Page 112 of What Doesn't Kill Her

“Wait a minute, Mom. We’ve got something to tell you.” Max went into the adjacent parlor and bellowed up the stairs. “Rae, come down here please!”

Rae bellowed back, “Coming, Daddy!” Her shoes clattered on the stairs and she appeared in the doorway, a vision in pink, glitter and glue, which she had smeared on her cheek.

The Di Lucas were the loudest people Kellen had ever heard. Her parents, what she remembered of them, had been busy, boisterous people, but when they had died and Kellen went to live with her aunt and uncle, the household had been ruled by her aunt’s migraines and the most commonly used phrase was,Use your indoor voice, please.

Come to think of it, Kellen didn’t mind the Di Luca noise.

“Wash your hands for dinner,” Verona said.

“I did!” Rae rubbed her palms on her shirt.

Max put out his hands. “Let me see.”

Rae sighed dramatically and headed into the bathroom by the back porch. She didn’t shut the door, so they heard the scrape of the stool across the Spanish tile, the splashing and the humming, and when Rae walked out, her hands, her hair and the front of her shirt were dripping wet. Proudly, she proclaimed, “I washed my face, too!”

Kellen waited for Verona to fuss.

Instead, she said, “Good thinking, Rae.”

The family was so casual and encouraging about the little stuff and kept their drama for the big life-changing events. Kellen liked that, too, except—oh man, there was about to be drama.

Max got a kitchen towel out of the drawer and used it to wipe Rae down. “Why don’t you and Grandma sit down? Mommy and I have something to tell you.”

Verona looked from Max to Kellen and sank down in her chair as if her legs were too weak to hold her.

Rae pulled her chair out from the table—another long scrape across the tile—and perched on her heels, leaned over the table and fastened her gaze on her father.

Max took Kellen’s hand. They faced Verona and Rae, and with the flare of an accomplished showman, Max announced, “Kellen has agreed to be my bride.”

The reactions were exactly the opposite of what Kellen expected.

Verona shot to her feet. “A bride?
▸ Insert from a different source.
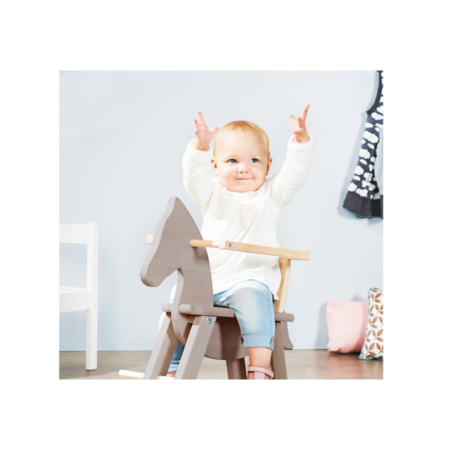 Un classico che diverte i bambini di tutte le generazioni! Sicuro grazie all'anello di protezione in faggio massiccio. Quando il bambino cresce, l'anello si può rimuovere. Un classico dallo stile senza tempo, grazie al contrasto grigio/legno. Dettagli: In legno massiccio: Faggio Dimensioni: 86 x 31 x 58 cm Altezza sedile: 34 cm Anello di protezione removibile Ideale da 9 mesi fino all'età di 4 anni Attenzione Da usare sotto la sorveglianza di un adulto! Usare solo in luoghi privati.

You’re going to get married?” She clasped her hands and shook them at the heavens. “My prayers have been answered!”

Rae said nothing, but her eyes were big and wary.

“I wonder if we can manage it by Christmas?” Verona walked to the calendar that hung on the wall. “To get the dress done and the family here—”
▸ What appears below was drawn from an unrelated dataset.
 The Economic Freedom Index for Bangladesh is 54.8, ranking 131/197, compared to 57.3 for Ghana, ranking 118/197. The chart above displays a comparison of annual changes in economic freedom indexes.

“Two weeks,” Max declared.

Verona swung around. “You’re kidding.”

“Two weeks,” Max repeated. “We’re getting married in two weeks.”
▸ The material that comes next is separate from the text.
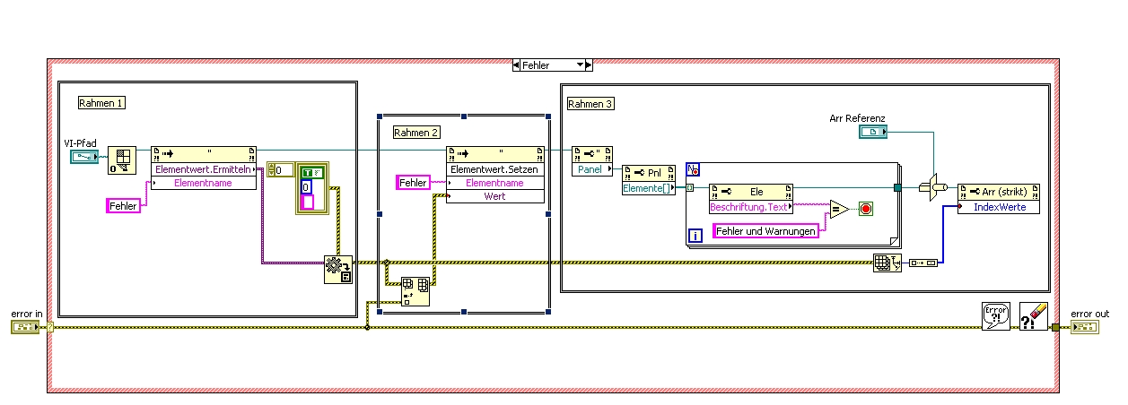 Rahmen 1 dient dazu, das FehlerArray aus dem HauptVI einzulesen.

“Two weeks?” Verona squawked like the chicken who had swallowed the rubber band, and faced Kellen. “Wait. Are you pregnant again?”

“Mother.” Max sounded excessively patient. “Even if she was, we wouldn’t know yet and anyway, we have a seven-year-old daughter together. We can safely say the scandal ship has sailed!”

Kellen grinned. “Nice interception,” she muttered to Max.

Verona promptly returned to her main complaint. Which was, “I can’t get a wedding together in two weeks!”

“We don’t have to have a wedding,” Kellen said. “We can get married at the justice of the peace and have a reception later.”

Max and Verona and even Rae stared at her as if she was speaking a foreign language.

Max and Verona turned back to each other.

“How can everyone in the family make arrangements so quickly?” Verona asked.